Walhill Farm (Review)

The Restaurant at Walhill Farm’s local emphasis and tasty combinations are worth the drive

click to enlarge The cozy fireplace room at The Restaurant at Walhill Farm.
The cozy fireplace room at The Restaurant at Walhill Farm.

T

here is something eerie about a cornfield at night.

Maybe it’s just the time of year, but as we drove down the winding road that led to Walhill Farm in Batesville, Ind., on a recent Friday night, we couldn’t help but wonder if we had taken a wrong turn into a scary movie. Fortunately, the twinkly white lights soon came into view and our destination was before us. And it was exactly what we hoped it would be.

The Restaurant at Walhill Farm exudes wholesome Midwestern-ness. The staff is friendly and smiley; the decor seesaws between hackneyed and homey. There is nothing spectacular about the seating or the service, but there was something about being there on a cold night that made us blissfully happy. It could have been the napkins (which reminded us of tiny, cozy blankets), or the live cover band. More than likely, however, that something was the food.

The executive chef at The Restaurant at Walhill Farm, Nick Gladding, is a big fan of all things seasonal and housemade. By using what is readily available from the 250-acre Walhill Farm itself and local farms nearby, Gladding is able to provide his guests with higher quality products at a lower price point.

“We like to keep the money local,” he says. “Our goal is to keep the quality up and the costs down for our guests.”
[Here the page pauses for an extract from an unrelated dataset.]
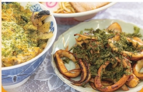
いか焼き定食/さざえ丼 ¥1,700- ¥1,400-

秘伝のタレで焼いた絶品の『いか焼き』、さざえがたっぷり入った『さざえ丼』などが人気のお店です。

In keeping with the cost-saving theme, the menu “doubles up” on several of their housemade items by using certain sides more than once. While the prices are not low, they are extremely reasonable, especially considering the portion sizes.

To start, we opted for the fried pork belly with braised cabbage and warm pear butter ($9). The pork belly was thick cut and seeping with fatty flavor; our ravenous selves devoured it far too quickly. The real star of the dish, however, was the braised cabbage. I could not stop eating it. Braised in a concoction that includes red wine vinegar, sugar, cinnamon and pork fat, it paired quite well with the juicy pork belly and lip-smackingly good pear butter.
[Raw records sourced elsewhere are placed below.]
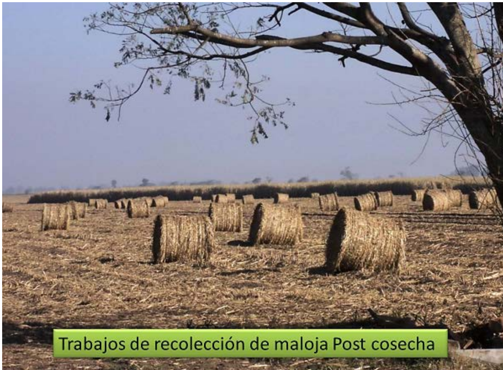
Trabajos de recolección de maloja Post cosecha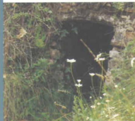
Extret del llibre 70 fonts de Sant Llorenç del Munt i l'Obac , E. Grau i F. Vancells. El Cau Ple de Lletres Editorial, Terrassa, 1997.

La trobarem dins una gran barraca de pedra seca. Té un dipòsit subterrani i, més a l'interior, una mina molt ben construïda també amb pedra. És una interessant mostra de l'arquitectura rural.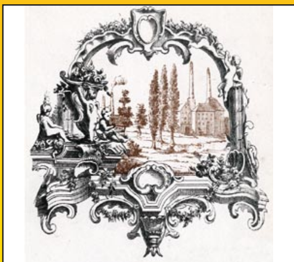
Atlas géographique, statistique et historique du département de la Moselle par L.B. de Saint-Martin, Metz, 1860. Cartouche représentant des installations industrielles.

Gardiennes de la mémoire du passé des départements, les Archives départementales sont aussi des sources incomparables de documentation, la base historique sur laquelle peuvent s'appuyer des politiques patrimoniales et touristiques.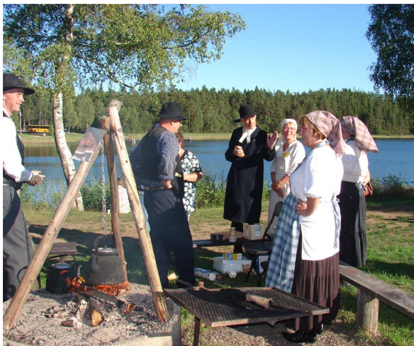
Sceneri fra snaphanemarkedet i Lönsboda i sommer. Lignende kan opleves i Lundby.

Et kapitel for sig er gæsterne fra Skåne, som blandt andet stiller med en knivhåndværker og stenovnsbagt brød.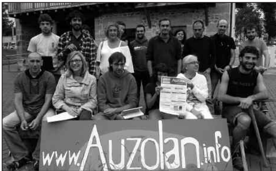
ARGAZKIAN, TOPAKETEN ANTOLATZAILEAK ETA UDAL ORDEZKARIAK.

Topaketa hauetan parte hartzeko, izenematea www.azolan.info gunean egin behar da, eta 30 euroko bonoa eskuratuz, topaketetan parte hartu ahal izanen da. Topaketen azken egunean “Auzolanaren liburua” aurkeztuko dute.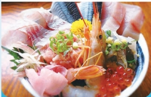
海鮮丼 (ランチ限定10食) ¥1,650-

Our next course was the Down to Earth Salad ($7), featuring red and gold beets, goat cheese and sherry vinaigrette. As a true beet person, I almost gasped when the salad arrived. Where were my cubes of juicy, roasted beets? Walhill’s beets were served raw, cut in carrot-like sticks. Gladding takes a very simple approach to salad making so as not to overwhelm his staff, but more goat cheese and a more purposeful treatment of the beets would have perfected this particular dish.

Choosing an entree from the many appealing options was challenging. Walhill Farm raises Black Angus cattle, Berkshire pigs, chickens and other animals sustainably, free from antibiotics and fed with crops from the farm’s acres of pasture. They even have a butcher shop on premises, where they prepare most of their cuts. We settled on the Walhill Pork Chop (Gladding describes pork as the “state meat of Indiana”) for $24. Served alongside a pile of my now-favorite braised cabbage, the boneless pork chop was superb. Gladding’s grill cook, an 18-year-old Indiana native, cooked it absolutely perfectly. Each pear butter-smothered bite was so tender, and the tiniest bit of fat on the edges melted in my mouth.

We also enjoyed the Gnocchi and Rabbit ($24), a stew-like combination of potato dumplings, rabbit meat, carrots, Brussels sprouts and mushrooms. The sauce was thick, salty and bursting with herby flavor (almost overwhelmingly so) and the little dumplings just screamed “home.” The rabbit meat, though sparse, was tender and flavorful. Though not as intoxicating as the pork chop, the dish provided a filling, tasty option for a chilly night.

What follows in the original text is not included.